Once you hit 24-bit samples per channel you've exceeded the best the old analogue master tapes could manage, and only people with exceptional hearing can detect that low bit. Indeed, for DVD-audio discs the technicians salted away security codes in the least-significant bits of the music as a copy-protection method. They played protected and pure versions of the music to a sample of people with exceptional hearing and a few could spot the difference consistently. You would think they'd have thought to encode something in the digital data stream that was checked by the player and removed so it didn't get to the loudspeakers at all. Anyway, DVD-A is sadly no longer being recorded on, though since I have some; I still need a player capable of playing them (take note, TV manufacturers no longer supporting 3D).
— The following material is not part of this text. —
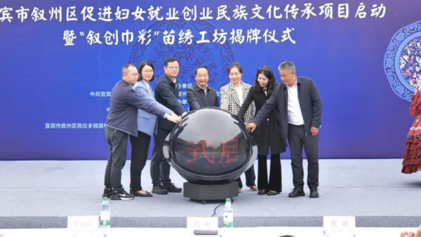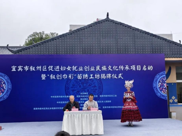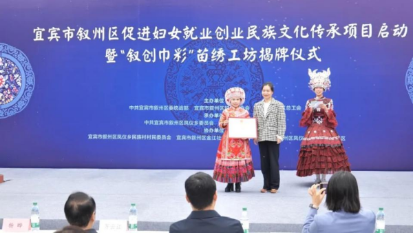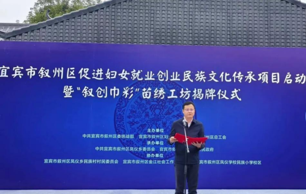 宜宾市叙州区举行促进妇女就业创业民族文化传承项目启动暨“叙创巾彩”苗绣工坊揭牌仪式

For anyone who hasn't heard a 5.1 mixed album, there are DVD and Blu-ray discs available of quite a few albums that will sound fantastic on your home cinema system in surround sound.
 
Back to the plot, then: since bands are making more from touring, and can do their own merchandising, they can make a lot more money doing that than making albums. This has forced the record companies to re-think their deals that they offer, at least to the big names. You may remember Robbie Williams on the news after he made his £85M 5-year deal with EMI. This was what they call a 360-deal, covering all aspects of the artist again, so the record company gets in on the tour and the merchandise. Advances paid to the artist then can be clawed back on royalties for CDs, digital downloads, T-shirts, coffee mugs, and likely the tour tickets too.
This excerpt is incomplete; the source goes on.